The output is the line containing "添加ISO镜像,并将三个网卡的网络连接设置为自定义。" plus every later line down to the end of the listing below, copied exactly. No pictures belong in it.
═══ Supplied material
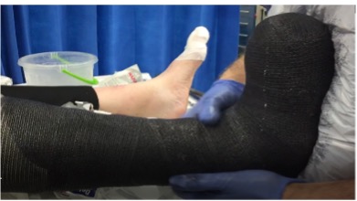 5. First layer of semi-conformable cast tape is applied to the leg and foot, not including the toes. The cast is well moulded throughout. Care is taken to ensure the ankle is in a neutral position.
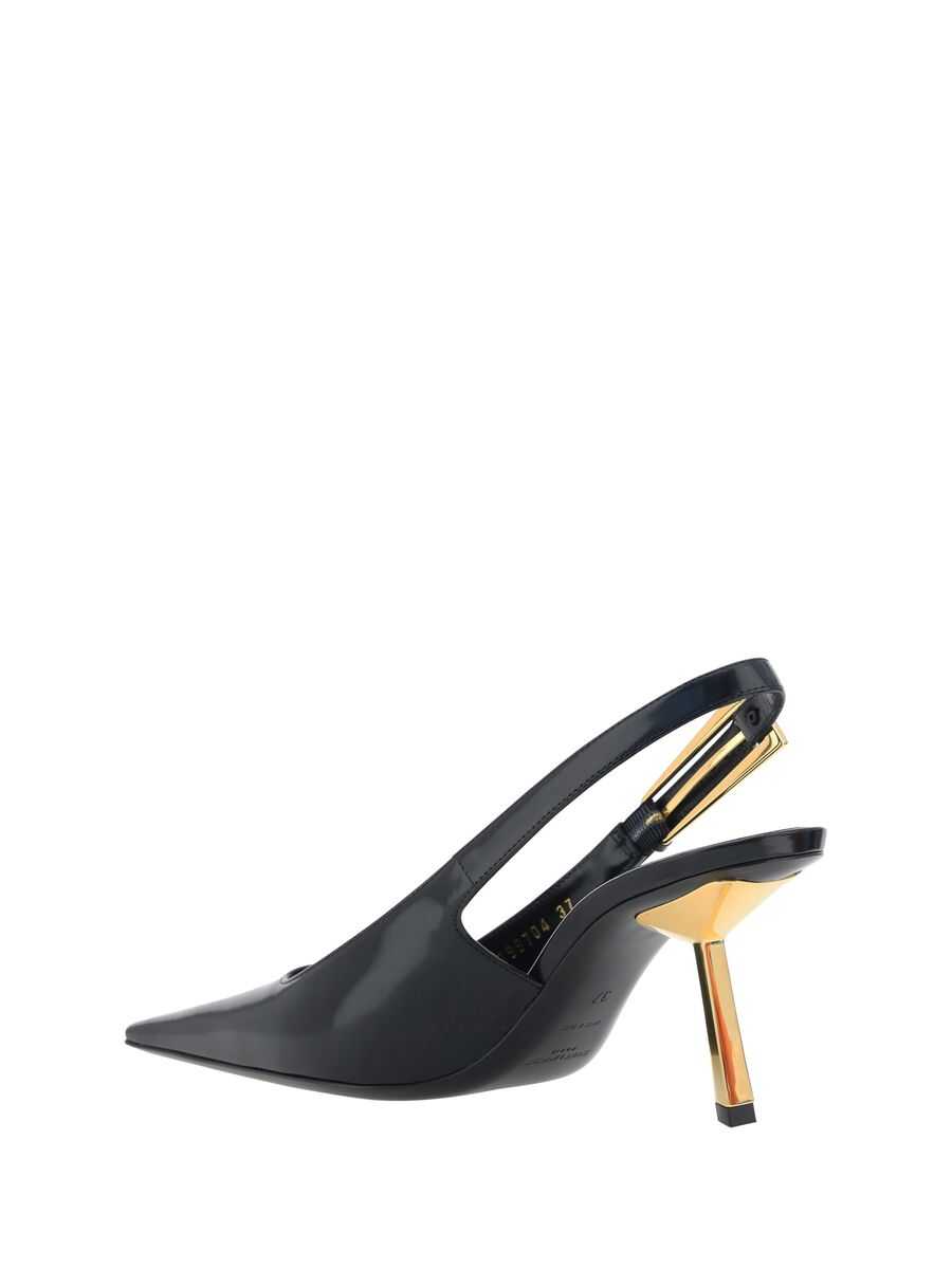 'Lee' shiny leather slingbacks, adjustable strap with metal buckle, gold-plated geometric heel
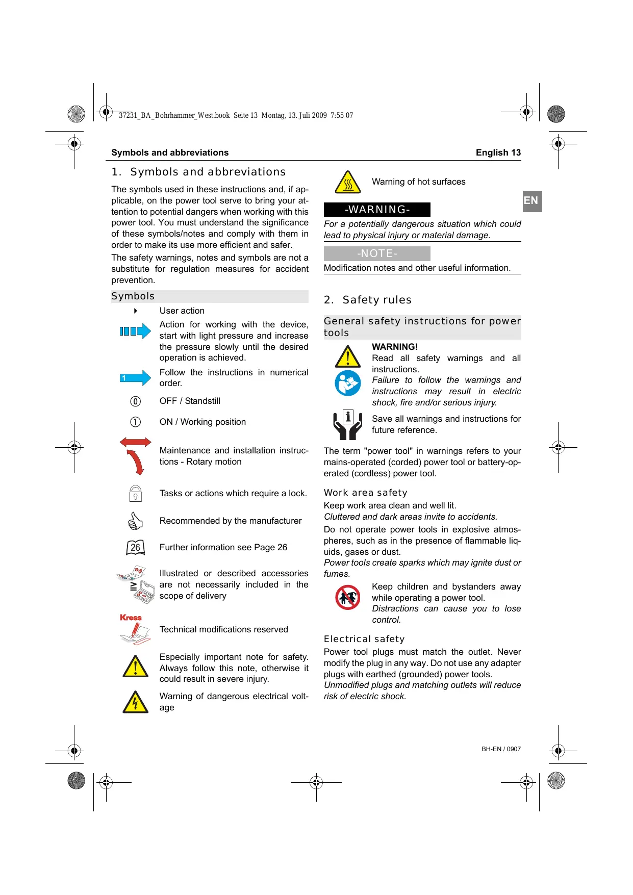 General safety instructions for power tools WARNING! Read all safety warnings and all instructions. Failure to follow the warnings and instructions may result in electric shock, fire and/or serious injury. Save all warnings and instructions for future reference. Maintenance and installation instructions - Rotary motion The term "power tool" in warnings refers to your mains-operated (corded) power tool or battery-operated (cordless) power tool. Tasks or actions which require a lock. Work area safety Keep work area clean and well lit. Cluttered and dark areas invite to accidents. Do not operate power tools in explosive atmospheres, such as in the presence of flammable liquids, gases or dust. Power tools create sparks which may ignite dust or fumes. Keep children and bystanders away while operating a power tool. Distractions can cause you to lose control. Recommended by the manufacturer Further information see Page 26 Illustrated or described accessories are not necessarily included in the scope of delivery Technical modifications reserved Especially important note for safety. Always follow this note, otherwise it could result in severe injury. Warning of dangerous electrical voltage Electrical safety Power tool plugs must match the outlet. Never modify the plug in any way. Do not use any adapter plugs with earthed (grounded) power tools. Unmodified plugs and matching outlets will reduce risk of electric shock. BH-EN / 0907 14 English Avoid body contact with grounded surfaces such as pipes, radiators, ranges and refrigerators. There is an increased risk of electric shock if your EN body is grounded. Do not expose power tools to rain or wet conditions. Water entering a power tool will increase the risk of electric shock. Do not abuse the cord. Never use the cord for carrying, pulling or unplugging the power tool. Keep cord away from heat, oil, sharp edges or moving parts. Damaged or entangled cords increase the risk of electric shock. When operating a power tool outdoors, use an extension cord suitable for outdoor use. Use of a cord suitable for outdoor use reduces the risk of electric shock. If operating a power tool in a damp location is unavoidable, use a residual current device (RCD) protected supply. Use of an RCD reduces the risk of electric shock. Personal safety Stay alert, watch what you are doing and use common sense when operating a power tool. Do not use a power tool while you are tired or under the influence of drugs, alcohol or medication. A moment of inattention while operating power tools may result in serious personal injury. Use safety equipment. Always wear eye protection. Safety equipment such as dust mask, non-skid safety shoes, hard hat, or hearing protection used for appropriate conditions will reduce personal injuries. Prevent unintentional starting. Ensure the switch is in the off-position before connecting to power source and/or battery pack, picking up or carrying the tool. Carrying power tools with your finger on the switch or energising power tools that have the switch on invites accidents. Remove any adjusting key or wrench before turning the power tool on. A wrench or a key left attached to a rotating part of the power tool may result in personal injury. BH-EN / 0907 Safety rules Do not overreach. Keep proper footing and balance at all times. This enables better control of the power tool in unexpected situations. Dress properly. Do not wear loose clothing or jewellery. Keep your hair, clothing and gloves away from moving parts. Loose clothes, jewellery or long hair can be caught in moving parts. If devices are provided for connecting dust extraction and collection facilities, ensure these are connected and properly used. Use of these devices can reduce dust related hazards. Power tool use and care Do not force the power tool. Use the correct power tool for your application. The correct power tool will do the job better and safer at the rate for which it was designed. Do not use the power tool if the switch does not turn on and off. Any power tool that cannot be controlled with the switch is dangerous and must be repaired. Disconnect the plug from the power source and/or the battery pack from the power tool before making any adjustments, changing accessories, or storing power tools. Such preventive safety measures reduce the risk of starting the power tool accidentally. Store idle power tools out of the reach of children and do not allow persons unfamiliar with the power tool or these instructions to operate the power tool. Power tools are dangerous in the hands of untrained users. Maintain power tools. Check for misalignment or binding of moving parts, breakage of parts and any other condition that may affect the power tools operation. If damaged, have the power tool repaired before use. Many accidents are caused by poorly maintained power tools. Keep cutting tools sharp and clean. Properly maintained cutting tools with sharp cutting edges are less likely to bind and are easier to control. Use the power tool, accessories and tool bits etc. in accordance with these instructions and in the Safety rules manner intended for the particular type of power tool, taking into account the working conditions and the work to be performed. Use of the power tool for operations different from those intended could result in a hazardous situation. Service Have your power tool serviced by a qualified repair person using only original spare parts. This will ensure that the safety of the power tool is maintained. Machine-specific Safety Warnings Wear hearing protection. The effects of noise can cause loss of hearing capacity. Use auxiliary handles supplied with the tool. Loss of control can cause personal injury. Always assume a safe standing position and hold the power tool securely in both hands. When the drill unexpectedly jams, the machine kicks back. Hold the power tool only by the insulated gripping surfaces when performing an operation where the cutting tool may contact hidd
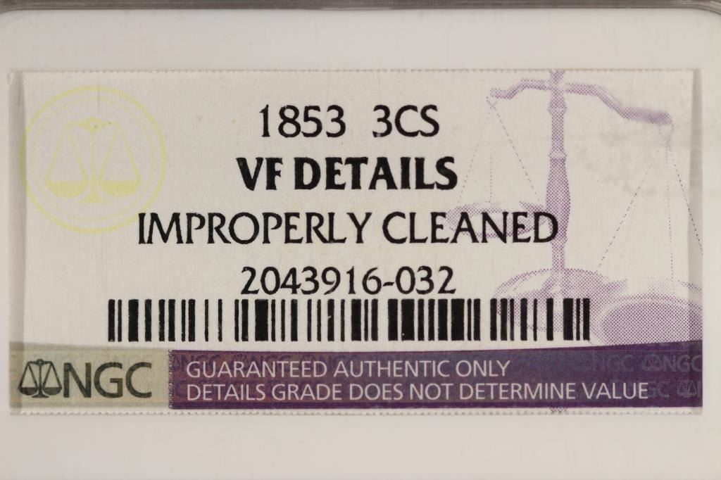 1853 THREE CENT PIECE (SILVER) NGC VF DETAILS
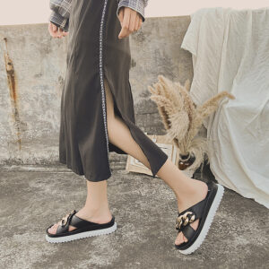 Lav-Ish PU Leather Crossover Slides.
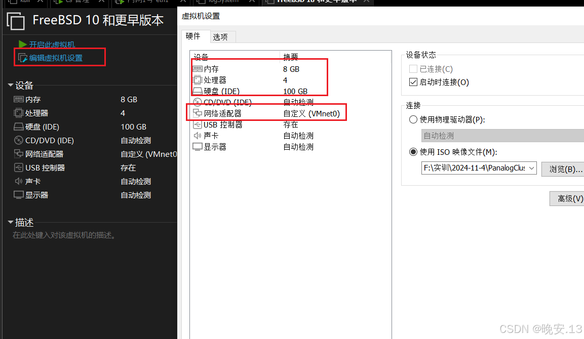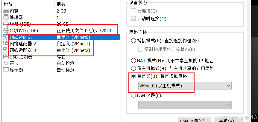 添加ISO镜像,并将三个网卡的网络连接设置为自定义。
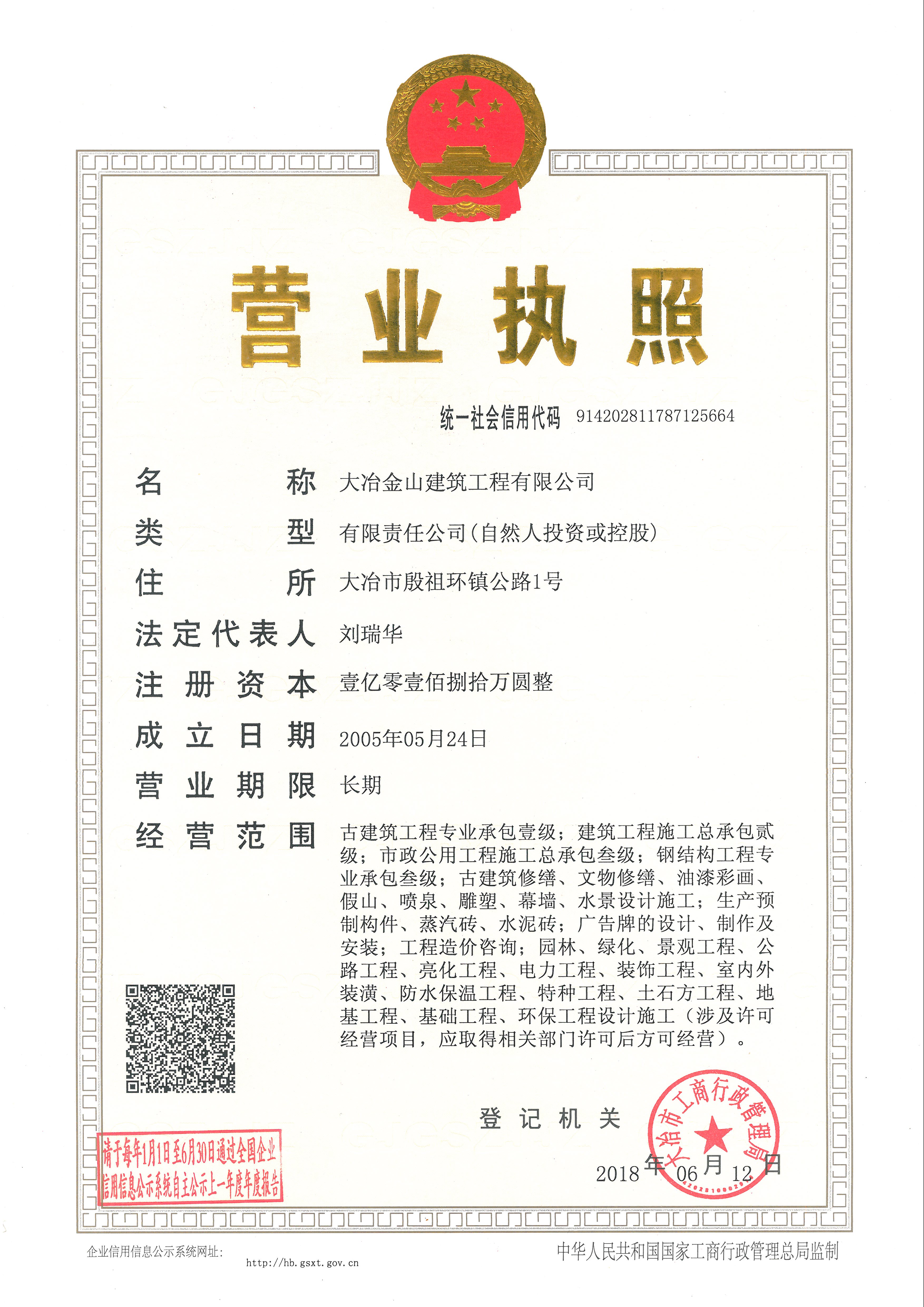 大冶金山建筑工程有限公司始建于1984年,屬鎮辦集體企業。1997年改制為大冶山建筑工程有限責任公司,屬股份制企業。2013年更名為大冶金山建筑工程有限公司,2018年3月公司資源重組,公司注冊資金達到10180.00萬元,公司法定代表人為劉瑞華。公司具有古建筑工程專業承包壹級、建筑工程施工總承包貳級、市政工程總承包叁級、鋼結構工程專業承包叁級資質。
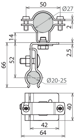Wspornik dachowy na dach metalowy z okrągłym rąbkiem stojącym, do przewodów HVI o śr. 27-30 mm, stal nierdzewna DLH RSF ZS 27 V2A
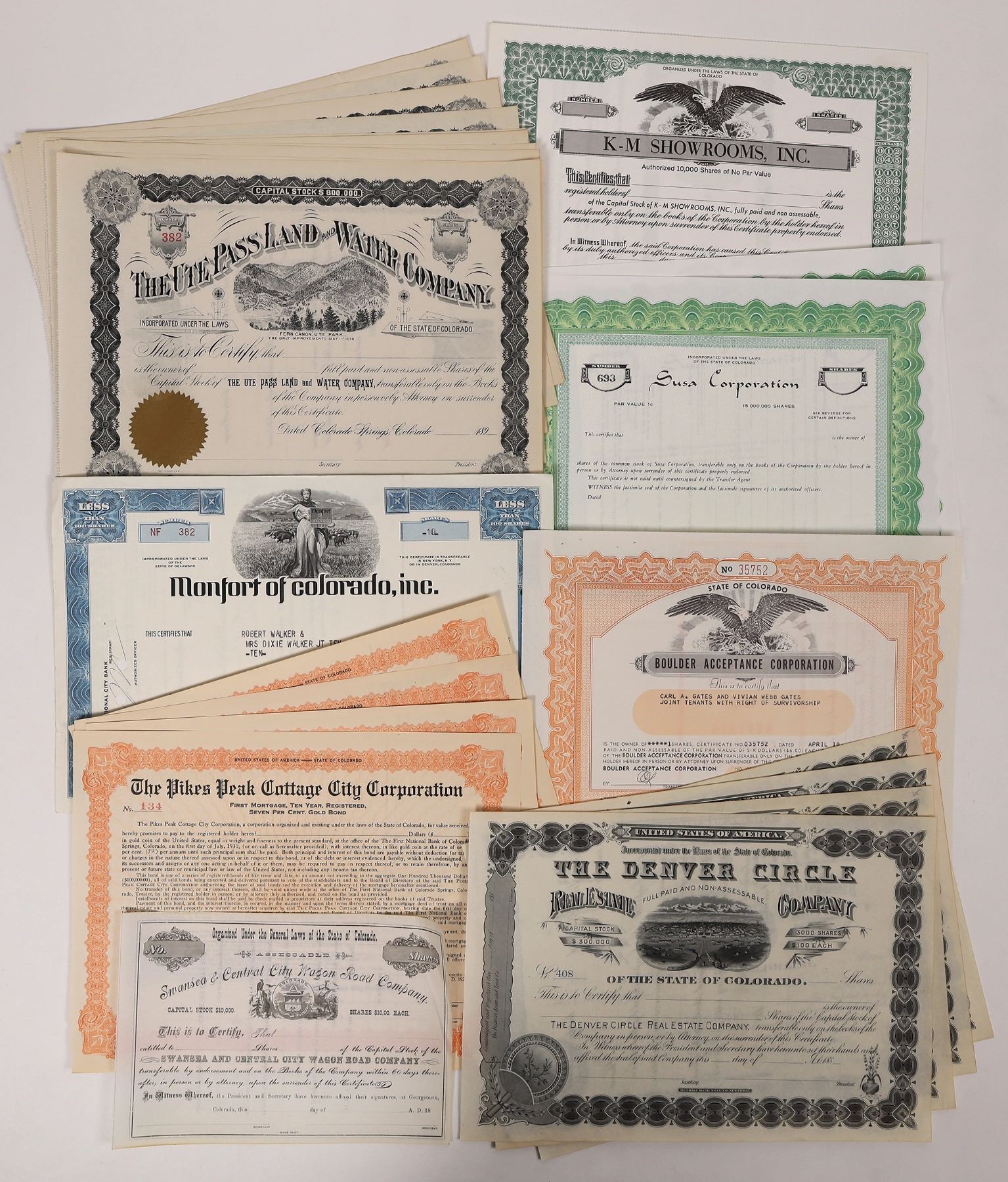 Lot of 30. Most unissued. Includes: Swansea & Central City Wagon Road Co. (unissued); Denver Circle Real Estate Company (4 uniss., 1880s, great Denver. vignette); Pike Peak Cottage City Corporation (4 uniss., 1920s); Boulder Acceptance Corporation (1958); Monfort of Colorado, Inc. (1970); Ute Pass Land & Water Company (17 uniss. stocks, 1890s, great vignettes); Susa Corporation (2 uniss.); and K-M Showrooms, Inc. (uniss.).
══════
Response to the task –
 添加ISO镜像,并将三个网卡的网络连接设置为自定义。
 大冶金山建筑工程有限公司始建于1984年,屬鎮辦集體企業。1997年改制為大冶山建筑工程有限責任公司,屬股份制企業。2013年更名為大冶金山建筑工程有限公司,2018年3月公司資源重組,公司注冊資金達到10180.00萬元,公司法定代表人為劉瑞華。公司具有古建筑工程專業承包壹級、建筑工程施工總承包貳級、市政工程總承包叁級、鋼結構工程專業承包叁級資質。
Wspornik dachowy na dach metalowy z okrągłym rąbkiem stojącym, do przewodów HVI o śr. 27-30 mm, stal nierdzewna DLH RSF ZS 27 V2A
 Lot of 30. Most unissued. Includes: Swansea & Central City Wagon Road Co. (unissued); Denver Circle Real Estate Company (4 uniss., 1880s, great Denver. vignette); Pike Peak Cottage City Corporation (4 uniss., 1920s); Boulder Acceptance Corporation (1958); Monfort of Colorado, Inc. (1970); Ute Pass Land & Water Company (17 uniss. stocks, 1890s, great vignettes); Susa Corporation (2 uniss.); and K-M Showrooms, Inc. (uniss.).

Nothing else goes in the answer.